- ASSIGNMENT
The lines from the beginning of the records below through the one holding "Deckenampel an 3" are to be copied exactly; leave the pictures out.

========================================

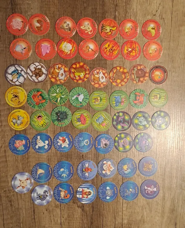 Detalles del productoColección de tazos de Pokémon.
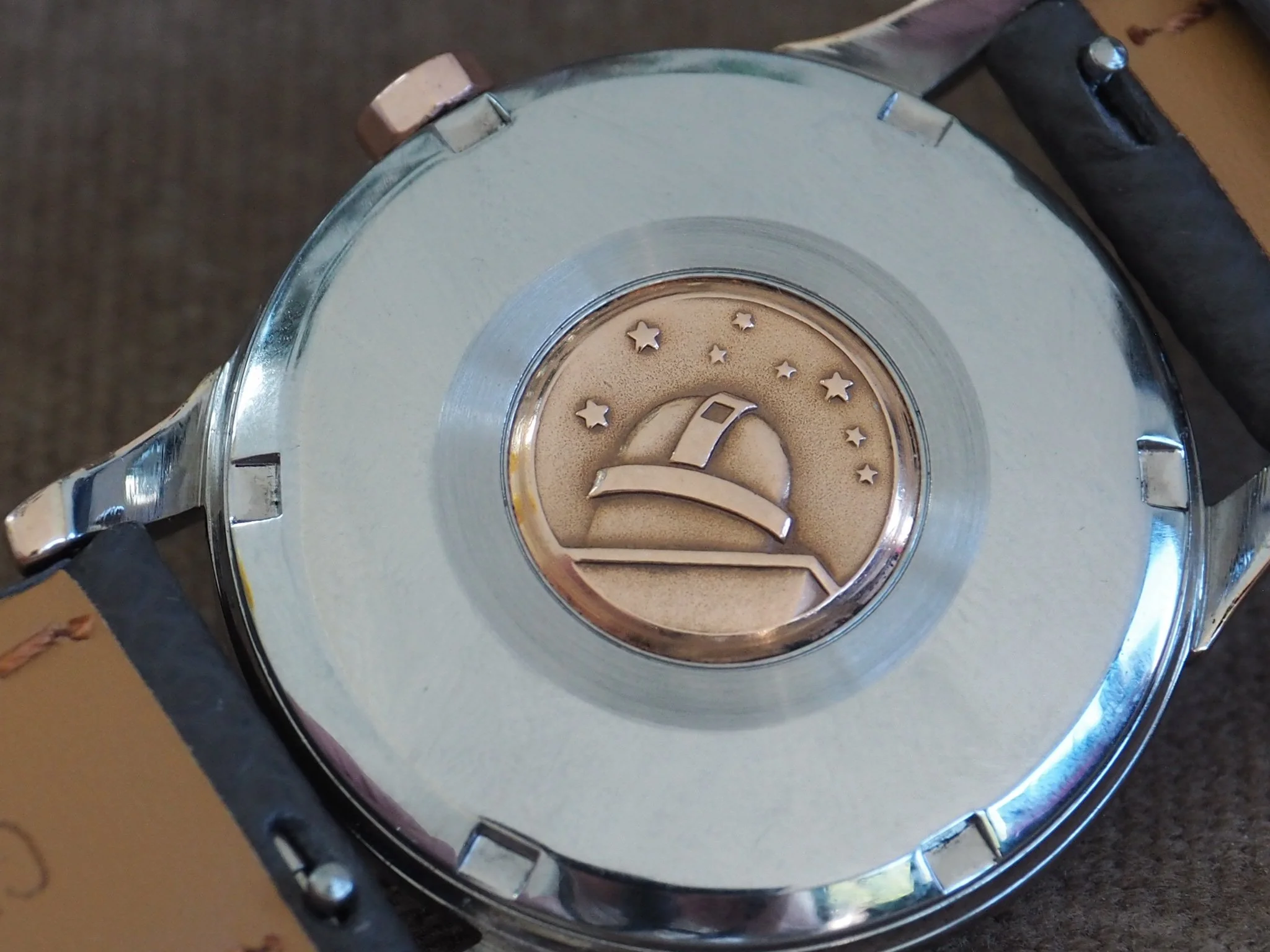 On the back, the observatory medallion. The eight stars reference Omega’s chronometer records at observatory trials — not decoration, but a direct link to what the watch was built to represent. Still crisp.
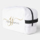Carry your style wherever you go with this elegant monogram dopp kit. Designed with graceful gold script initials paired with a refined serif name, it blends modern sophistication with everyday function. Perfect for carrying makeup, and other small items daily or for overnight stays. This versatile small accessory bag also makes a thoughtful choice for weddings, anniversaries, bridesmaids,housewarmings, or professional gifts.
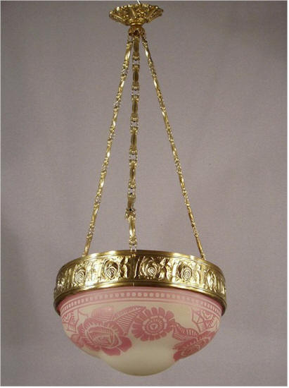 Deckenampel an 3 Ketten hängend Überfangglas geätzt + geschnitten ~ 1915 L 80 cm Ø 35 cm |
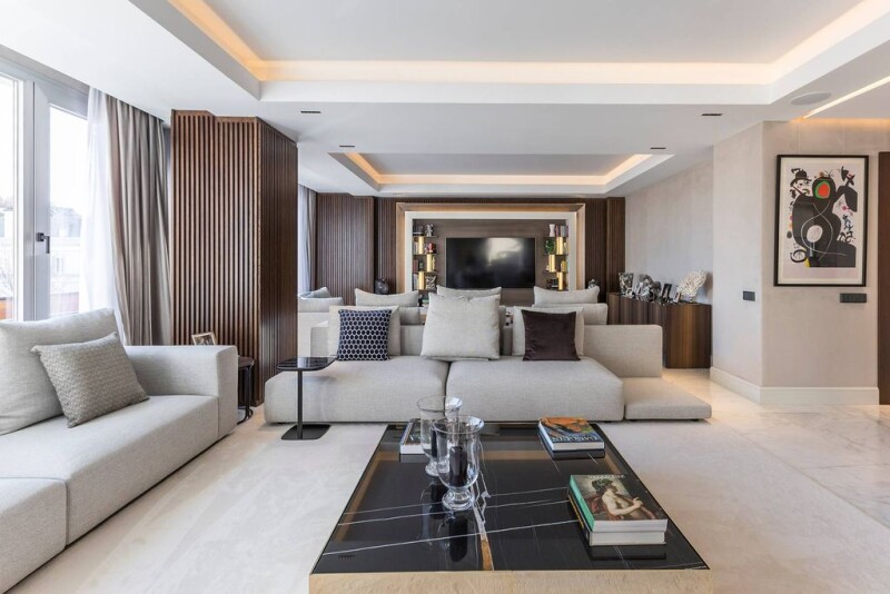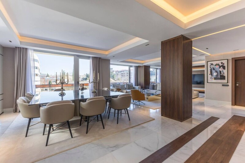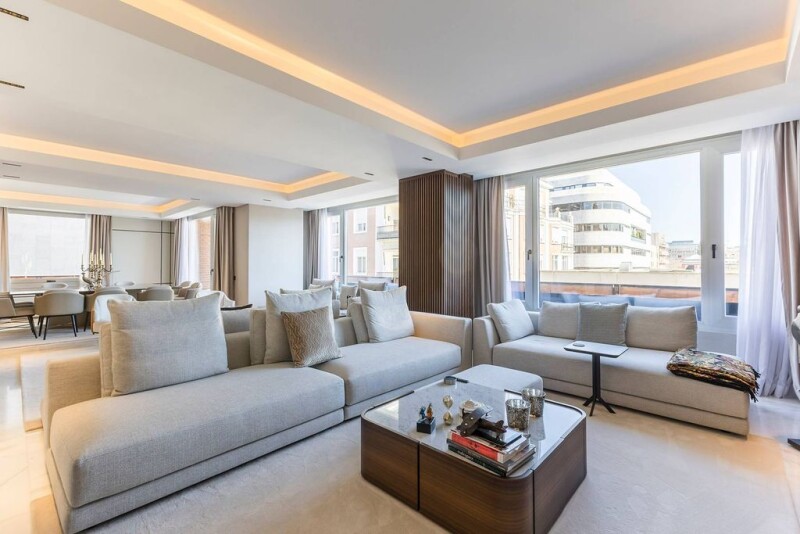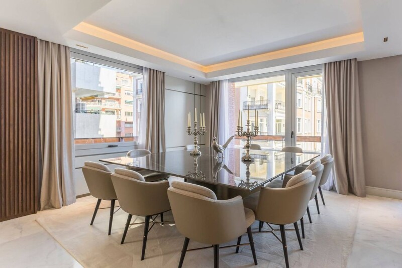 Located in one of the most prestigious areas of Madrid, this spectacular 414 m² home offers a sophisticated and comfortable lifestyle. Completely renovated and furnished brand new, it combines noble materials and cutting-edge technology in a spacious and light-filled space. Thanks to its corner location, the apartment has large windows with double orientation, providing exceptional lighting and unobstructed views. The layout has been designed for maximum comfort, with a large open concept living-dining room, featuring finishes in dolomite marble and natural oak wood. The kitchen, with an impressive central island, is equipped with state-of-the-art appliances. It has four elegant en suite bedrooms, plus a guest toilet. The property incorporates exclusive details such as custom furniture from Italian brands, walls covered in high-quality materials, and advanced technological systems, such as Casambi lighting control and B&W sound system. High ceilings and careful selection of finishes enhance the feeling of luxury and warmth in each room. Located in the Castellana neighborhood, within the Salamanca district, this home is surrounded by exclusive boutiques, high gastronomy restaurants, and some of Madrid's most emblematic cultural landmarks. Its combination of prime location, impeccable design, and advanced technology make it a unique opportunity for those seeking an exceptional residence.
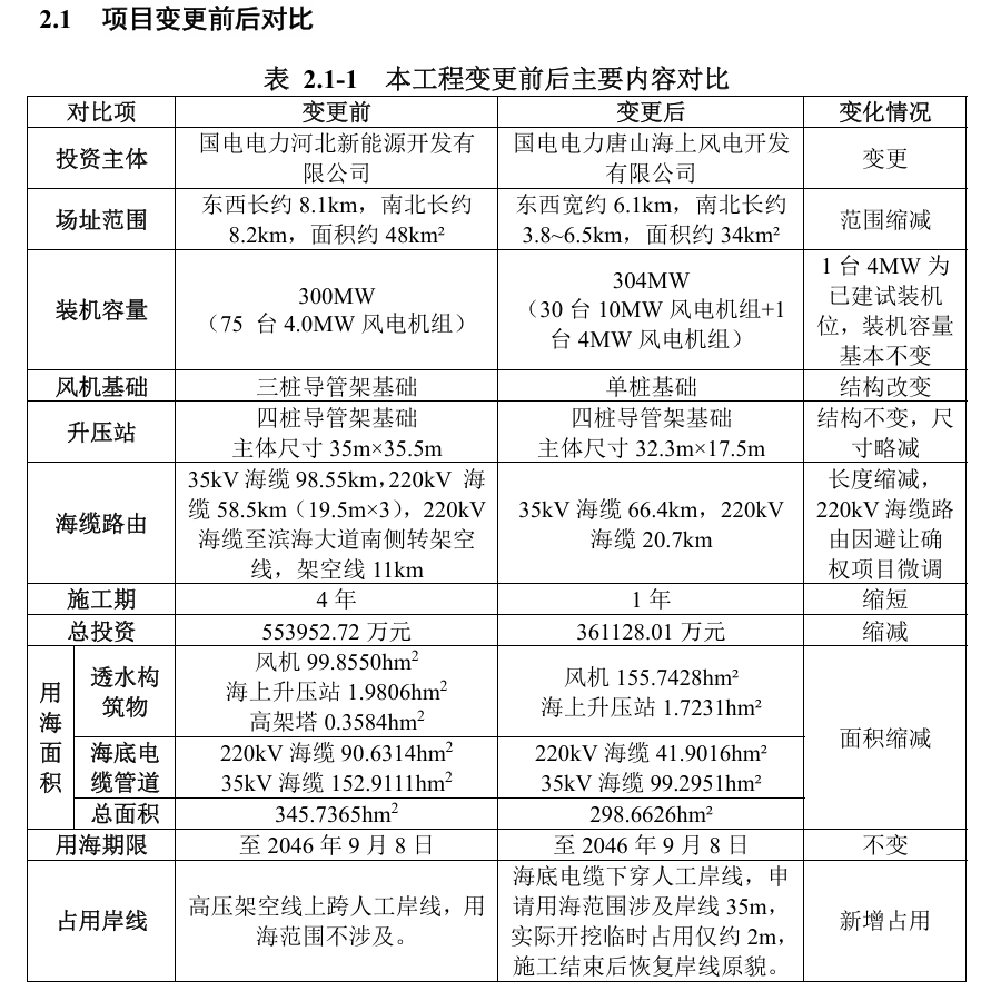 该项目投资主体变更为国电电力唐山海上风电开发有限公司,工程总投资361128.01万元,施工期12个月。项目年理论发电量为151625万kWh,年设计发电量为136569万kWh,年上网电量为106524万kWh,年等效满负荷小时数为3504h,平均尾流影响系数为9.91%。
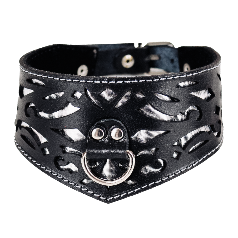 Характеристики Ажурный широкий ошейник с серебристыми вставками БДСМ из натуральной кожи черного цвета Scappa ширина 60 мм
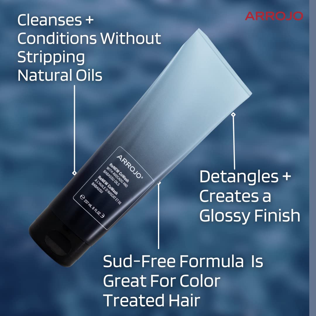 Revitalize your color-treated hair with Arrojo ReNEW CoWash. This sulfate and paraben-free cleansing conditioner is enriched with avocado and babassu oils for nourishing curly and dry hair.
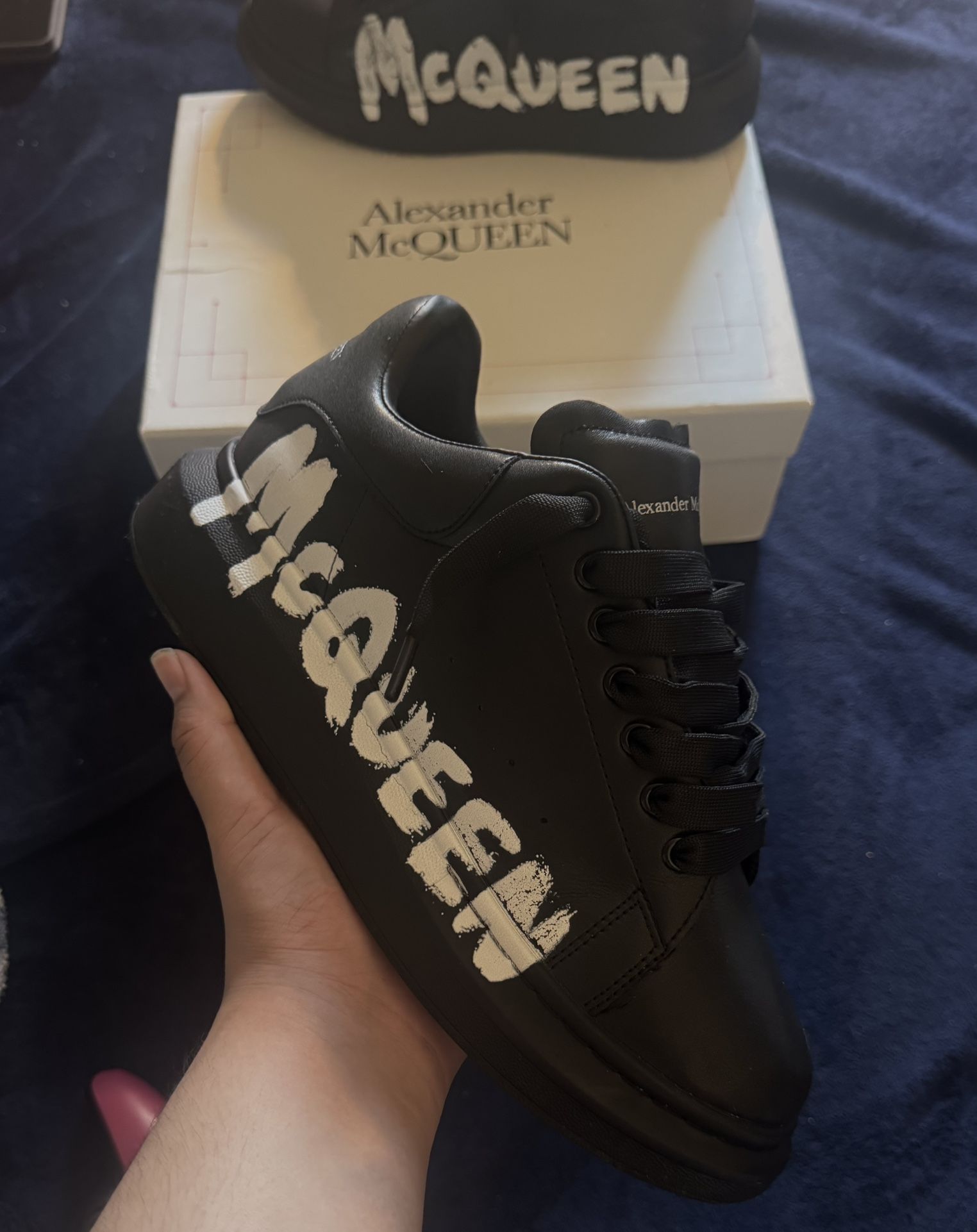 Alexander Mcqueen "Graffiti" Men Sz 42eu|9us 8/10 Condition PICK UP 80$ Used a bit very little creasing and slight paint cracking on the M on one shoe Can be easily fixed with a paint marker or paint does come with box.
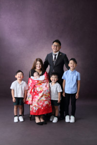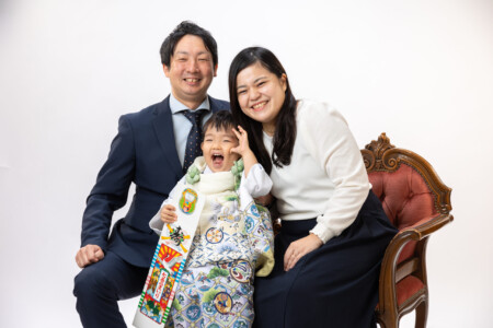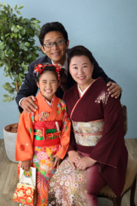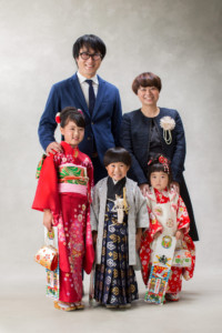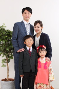 卒入学や七五三、成人式など少し改まった家族写真の場合は、男性はスーツまたはジャケットを、女性もいつもよりは少しフォーマルなお洋服や訪問着をお召しの方が多いです。
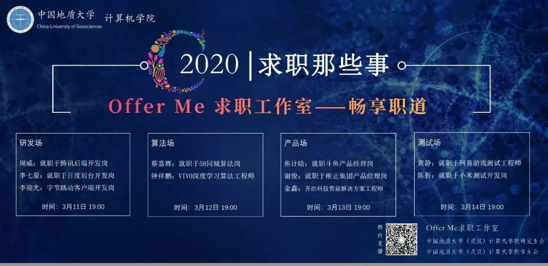 3月11日至3月14日晚,十大买球的正规网站研究生会“offer me 求职漫谈”经验分享系列活动成功举办。疫情当前,停课不停学,隔离不隔爱。活动共邀请11位学长学姐在线分享求职经验,并深入讲解和剖析求职技巧。
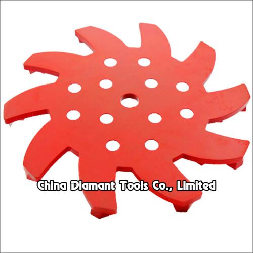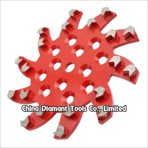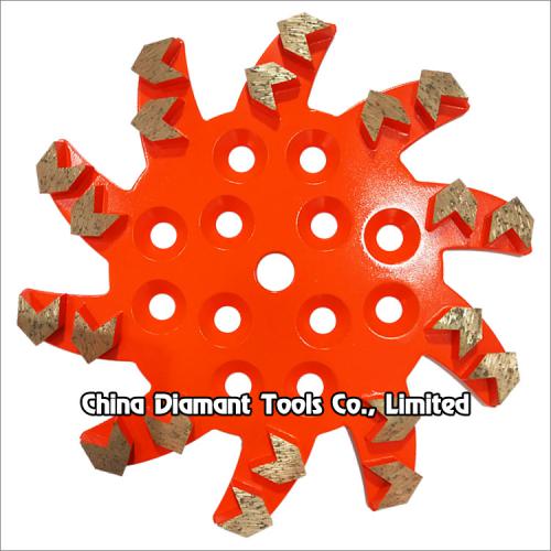 It is designed for removing hard epoxies and coatings, erasing concrete imperfections, leveling uneven spots or joints and smoothing rough or patched concrete surfaces. It has 20pcs arrow shape diamond segments and it is very high efficient for grinding deep on the concrete surface.
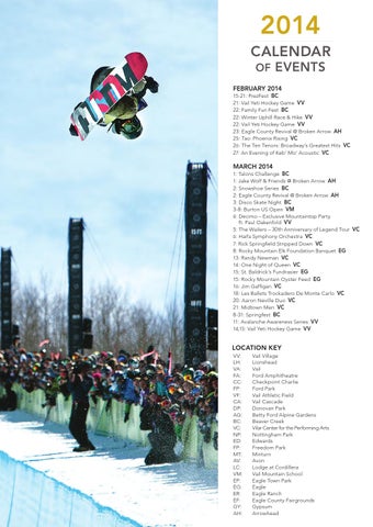 february 2014 15-21: PrezFest BC 21: Vail Yeti Hockey Game VV 22: Family Fun Fest BC 22: Winter Uphill Race & Hike VV 22: Vail Yeti Hockey Game VV 23: Eagle County Revival @ Broken Arrow AH 25: Tao: Phoenix Rising VC 26: The Ten Tenors: Broadway’s Greatest Hits VC 27: An Evening of Keb’ Mo’ Acoustic VC
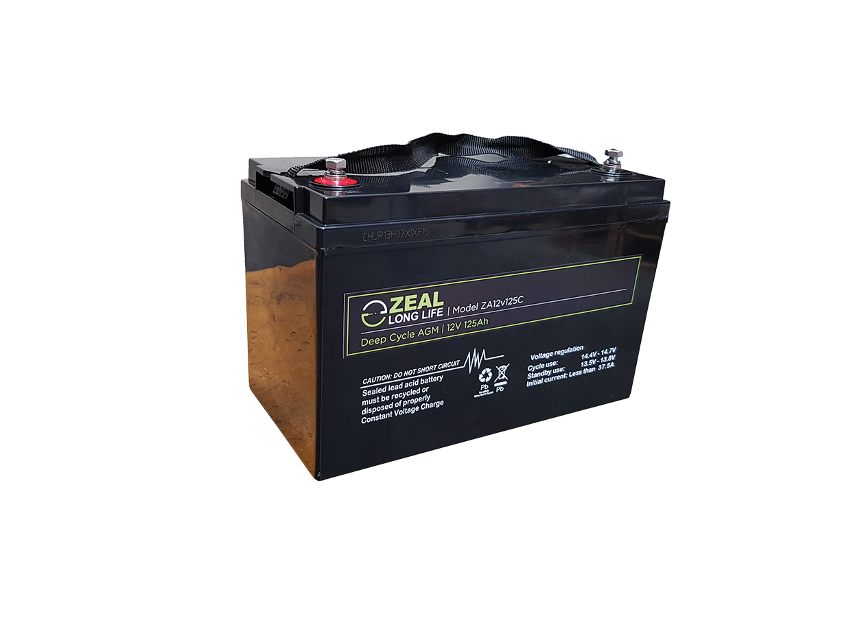 Zeal 125Ah 12V AGM Deep Cycle Battery, 1 Year Warranty. The Zeal AGM range is a quality range ideally suited for a wide range of general purpose and cost critical applications. The Zeal AGM range has very low internal resistance, is capable to deliver high currents on demand and offers a relatively long service life, even when deep cycled. The Zeal AGM range is maintenance and spill free, provides strong reliability with a low self-discharge.
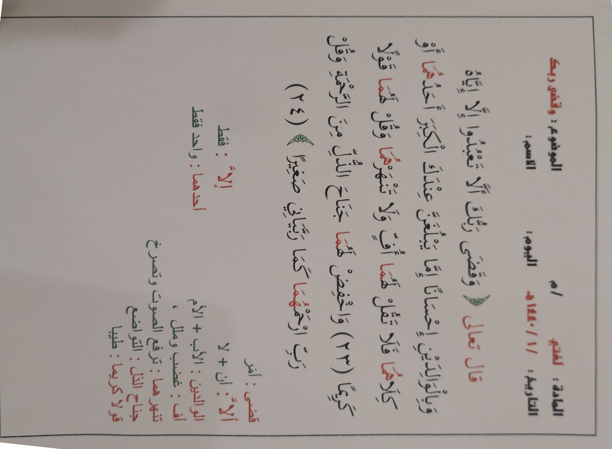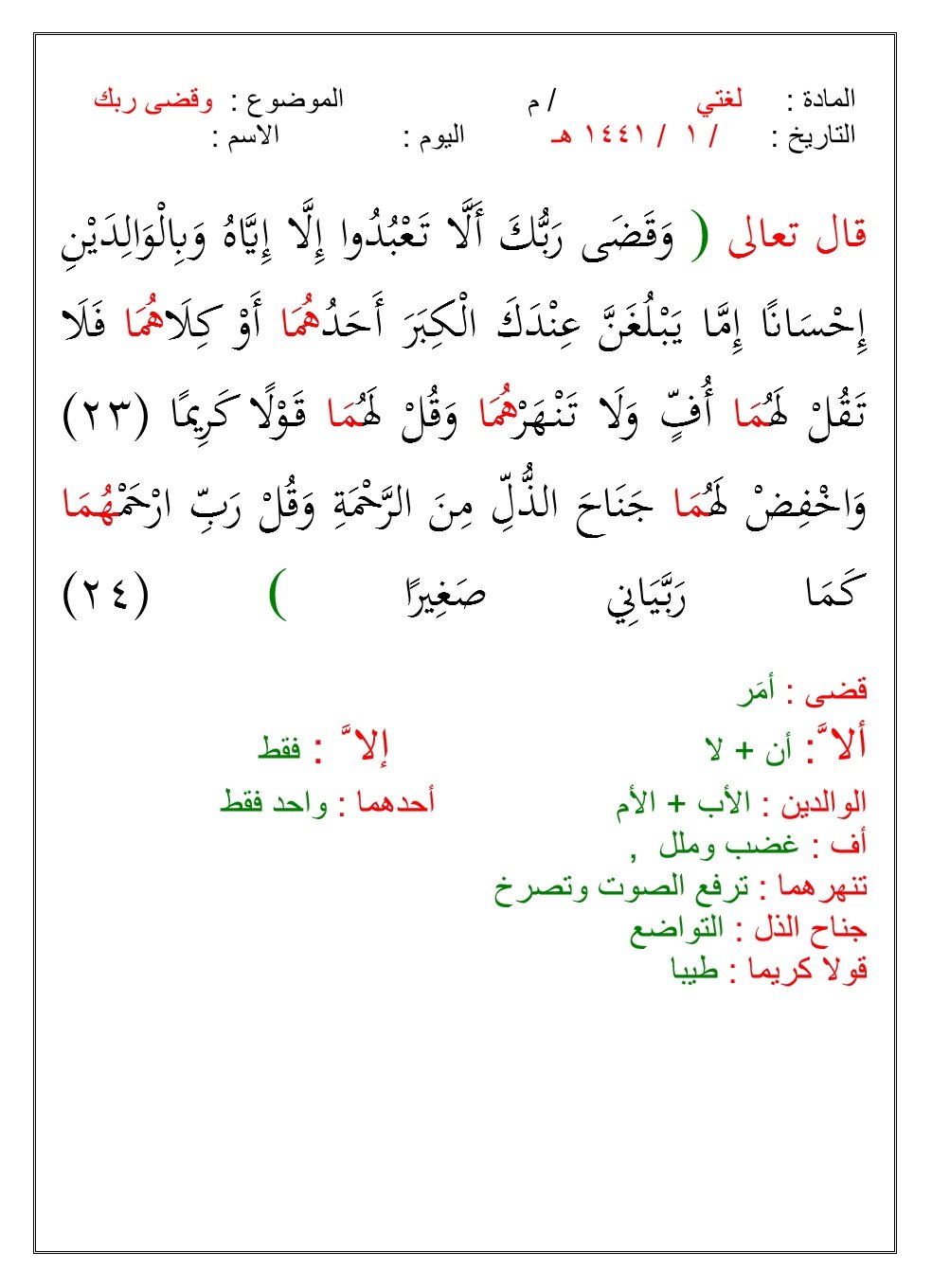 الفهم القرائي وقضى ربك وحدة حقوق وواجبات ص23 المصدر السعودي

========================================

- RESPONSE TO THE EXERCISE
 Detalles del productoColección de tazos de Pokémon.
 On the back, the observatory medallion. The eight stars reference Omega’s chronometer records at observatory trials — not decoration, but a direct link to what the watch was built to represent. Still crisp.
Carry your style wherever you go with this elegant monogram dopp kit. Designed with graceful gold script initials paired with a refined serif name, it blends modern sophistication with everyday function. Perfect for carrying makeup, and other small items daily or for overnight stays. This versatile small accessory bag also makes a thoughtful choice for weddings, anniversaries, bridesmaids,housewarmings, or professional gifts.
 Deckenampel an 3 Ketten hängend Überfangglas geätzt + geschnitten ~ 1915 L 80 cm Ø 35 cm |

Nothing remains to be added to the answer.